2012-02-27

efficiently panning large documents

2011.9.15: adde/gui/efficiently panning large documents:
. when a window is much smaller than
the document of a network graph,
do you have to keep the whole bit-image in memory?
[9.18:
. the ideal is having a small engine that is
generating a small data set as-needed,
expanding from drawing instructions
into bit maps,
rather than sending expanded pages to off-ram storage;
then again,
speedy solid-state drives are getting common,
and energy is getting precious ... .]

. for saving energy,
a network graph is stored as an image;
for save space and hard drive accesses,
it would be a list of nodes with attributes:
(inout edges, global position, ...).
. a search function given window area
would return any nodes within that region .

. I had this mem-saving scheme for drawing it:
rather than allow panning,
move to birdseye view (zoom out some),
then set your zoom-in box to go there;
the window sized image is kept in memory,
but few or no closups are cached .
. this idea is not that important on a fast computer;
because, you can respond on the fly:

. whichever way the user is panning
find the sections about to be exposed,
and create the images just in time .
. for each section,
you need to know which nodes are in that section,
and then to draw the edges,
you need to know the nodes that connect to
your drawn nodes;
the edge path is a style of line
{linear, Bézier curve, ...}
between the global positions of 2 nodes
which is then mapped across any needed section
but drawn only on currently existing sections
(those expected to be viewed soon).

9.16: edges as objects:
. to help speed things up
by quickly finding per-section edge lists,
you could have an edges list too;
each edge would know:
# the locations of its end-point nodes;
# the points that define how it curves;
# a list of the sections
that the edge's line runs through .

9.16: space walking:
. if you have nodes and edges in 3-d,
then you may want to follow an edge
and see things nearby along the way;
this can be done with some of the previous ideas:
. a line function is a series of global position points,
and for each point you figure the 3-d region,
then you know the nearby regions,
and finally,
you can search the edges list for a region,
to get a list of every edge intersecting that region .

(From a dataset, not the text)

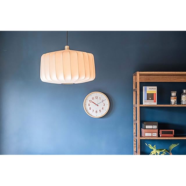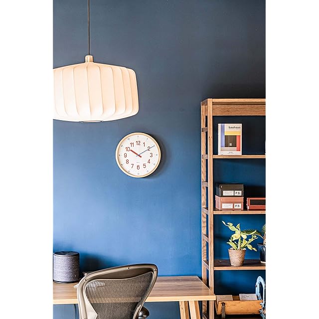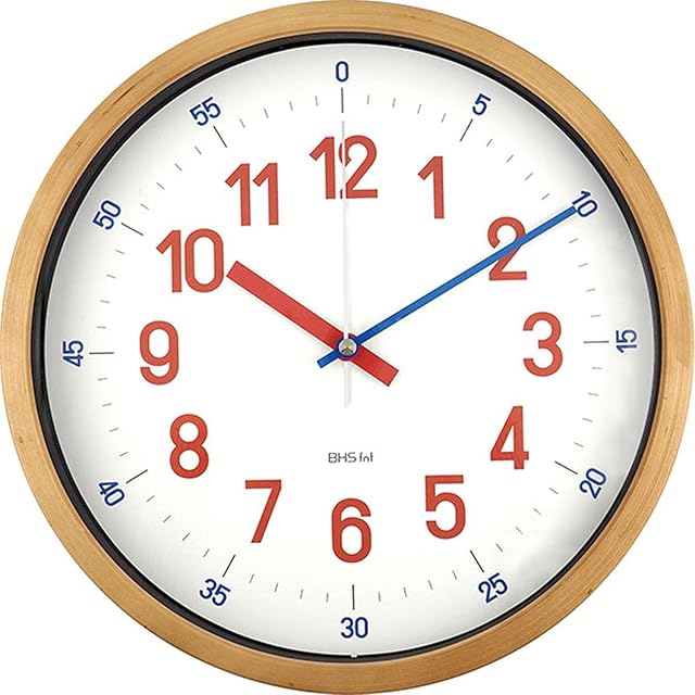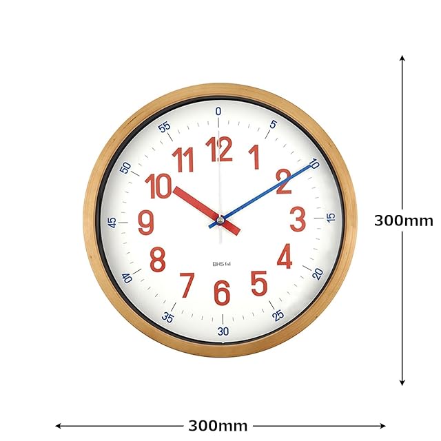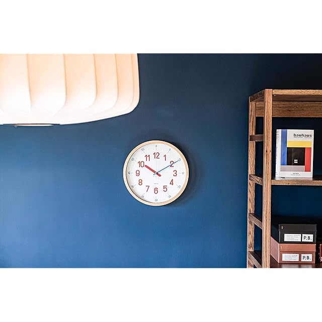 バウハウスの復刻フォントを使用した知育クロック。毎時を示す数字と針は赤、分 を示す数字と針は青と、数字と針を色で統一しているのでお子様に時間を教える のに最適です。

9.16: web.adde/gui/terminology:
. how is the graphics industry using "(sector)?
Portal rendering:
In computer-generated imagery
and real-time 3D computer graphics,
portal rendering is an algorithm
for visibility determination.
For example,
consider a 3D computer game environment,
which may contain many polygons,
only a few of which may be visible on screen
at a given time.
A portal system is based on using
the partitioning of space
to form generalizations about
the visibility of objects within those spaces.
Regions of map space are divided into
polygonal, generally convex, areas called sectors.
Adjacent sectors are linked to one another via
shared dividing polygons termed portals.
Approaches that pre-compute visibility for sectors
are referred to as PVS (potentially visible set) methods.